Ces résultats sont particulièrement frappants puisque l'Afrique et l'Asie en développement sont les deux régions du monde où le commerce a connu la croissance la plus rapide durant la dernière décennie.

Mais les nouveaux réseaux de production se développent plus rapidement que la capacité des secteurs financiers locaux à les soutenir.

Il en ressort que le développement insuffisant du secteur financier peut être un frein important au commerce.

Il risque d'empêcher les pays en développement de s'intégrer au système commercial et de pouvoir s'ouvrir de nouvelles perspectives commerciales.

Et il risque donc de les empêcher de se servir du commerce comme d'un puissant moyen de développement.

Il nous faut donc résoudre ce problème.

Les débats que nous tenons ici peuvent y contribuer. Nous devons travailler ensemble pour inciter à l'action dans ce domaine et mettre au point des solutions pratiques.

Bien sûr, il n'y a pas de formule magique. Le dossier est complexe. Mais cela ne doit pas nous arrêter.

Les programmes de facilitation du financement du commerce que j'ai déjà évoqués sont un exemple des mesures concrètes que nous pouvons prendre.

Mais ils ne comblent qu'une partie du déficit — et notre réponse doit donc être plus fondamentale.

En juillet prochain, la grande conférence de l'ONU sur le "financement du développement" se tiendra à Addis-Abeba. Je pense que nous devons faire en sorte que le financement du commerce y soit inscrit à l'ordre du jour.

Nous pourrons ainsi donner à cette question la place qu'elle mérite dans le débat sur le développement — en particulier à un moment où les Objectifs de l'ONU pour le développement durable, dont on ne saurait sous-estimer l'importance, sont en cours de finalisation.
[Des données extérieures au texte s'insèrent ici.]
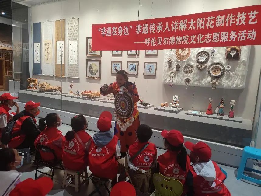2022年9月12日上午,呼伦贝尔历史博物馆联合呼伦贝尔新时代文明实践志愿服务协会共同开展了“非遗在身边”指尖盛开“太阳花”的文化志愿活动。呼伦贝尔历史博物馆社会教育部的讲解员向小朋友们讲解了非物质文化遗产的含义、标识及呼伦贝尔非物质文化遗产概况。此次文化志愿活动还邀请鄂温克族自治旗太阳姑娘工作室的艾吉玛老师,在“薪火相传——呼伦贝尔非物质文化遗产”展厅为小朋友们讲解鄂温克族非物质文化遗产项目希温・乌娜吉(太阳花)缝制过程和制作技艺等,并讲述其文化内涵与文化价值。
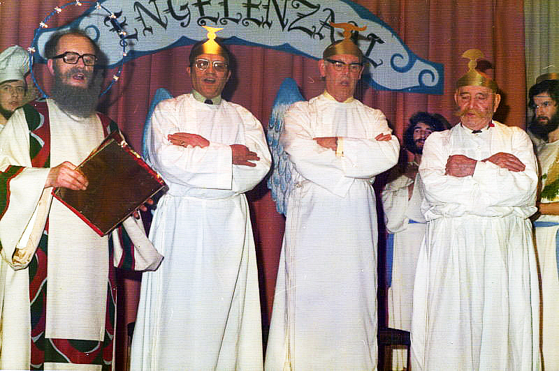 (06468) ‘De Hemelscène’ met op de voorgrond v.l.n.r. Piet Spee, burgemeester Karel van Gerven, pastoor Van Mierlo en Harie Caris. Foto is gemaakt tijdens de Bóntje aovendj in de Beatrixzaal in 1975
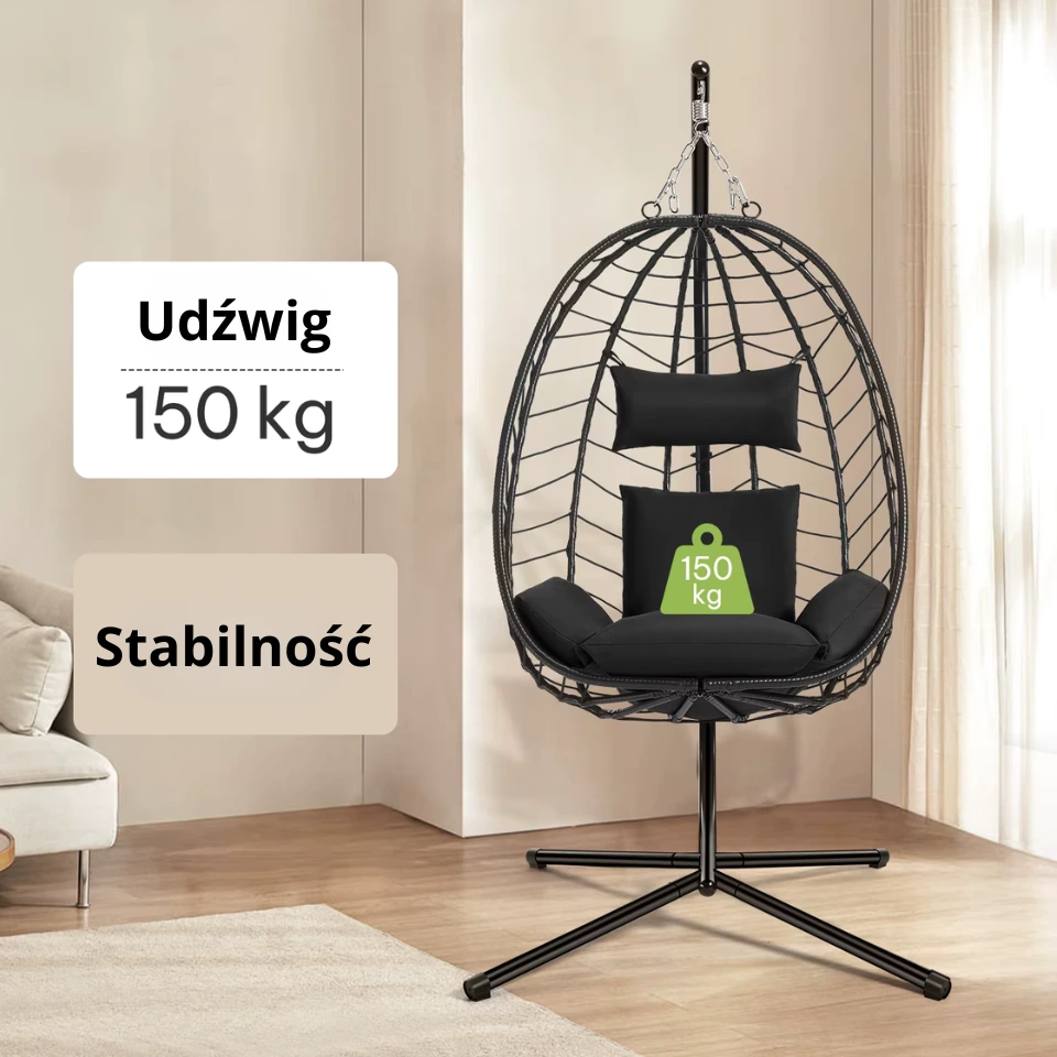 1x fotel wiszący EIRA z siedziskiem typu „jajko”
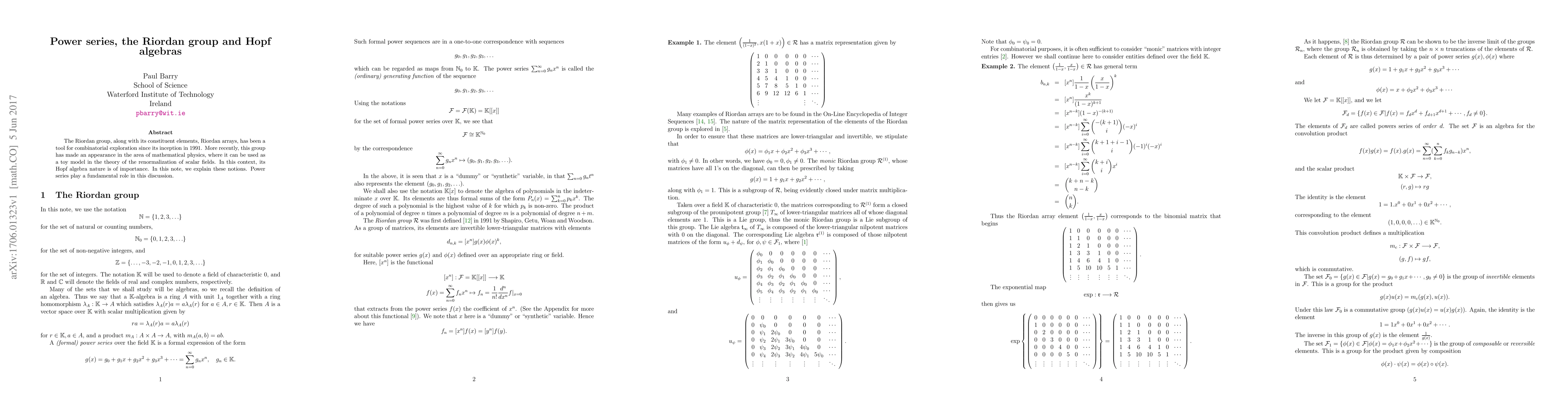 The Riordan group, along with its constituent elements, Riordan arrays, has been a tool for combinatorial exploration since its inception in 1991. More recently, this group has made an appearance in the area of mathematical physics, where it can be used as a toy model in the theory of the renormalization of scalar fields. In this context, its Hopf algebra nature is of importance. In this note, we explain these notions. Power series play a fundamental role in this discussion.
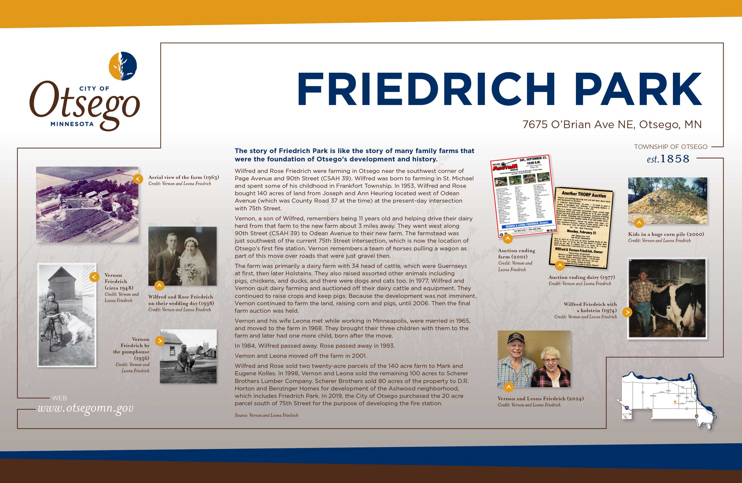Discover the history of the land Wilfred and Rose Friedrich purchased - 140 acres near what is now Odean Avenue and 75th Street in Otsego in 1953, where they and their son Vernon ran a mixed dairy and crop farm for decades. Over time the land was sold for residential development—including the neighborhood park named in their honor.

À l'OMC, nous n'épargnons aucun effort pour aider les pays en développement à s'intégrer au système commercial mondial.

Notre travail d'assistance technique l'atteste.

Comme l'atteste aussi le paquet de Bali, que nous mettons en œuvre aujourd'hui.

Et comme le montrent les négociations en cours sur le programme de travail qui doit permettre de conclure le Cycle de Doha.

Mais l'efficacité de tout ce travail sera moindre si un accès adéquat au financement du commerce n'est pas assuré.

Je souhaite un franc succès à vos délibérations. Je suivrai de très près votre travail.

Redoublons d'efforts en vue de travailler ensemble et de résoudre ce problème.

Je vous remercie de votre attention.

26.03.2015
Le Directeur général, M. Roberto Azevêdo, a formulé des observations liminaires lors du séminaire sur le financement du commerce dans les pays en développement, le 26 mars 2015 à l’OMC.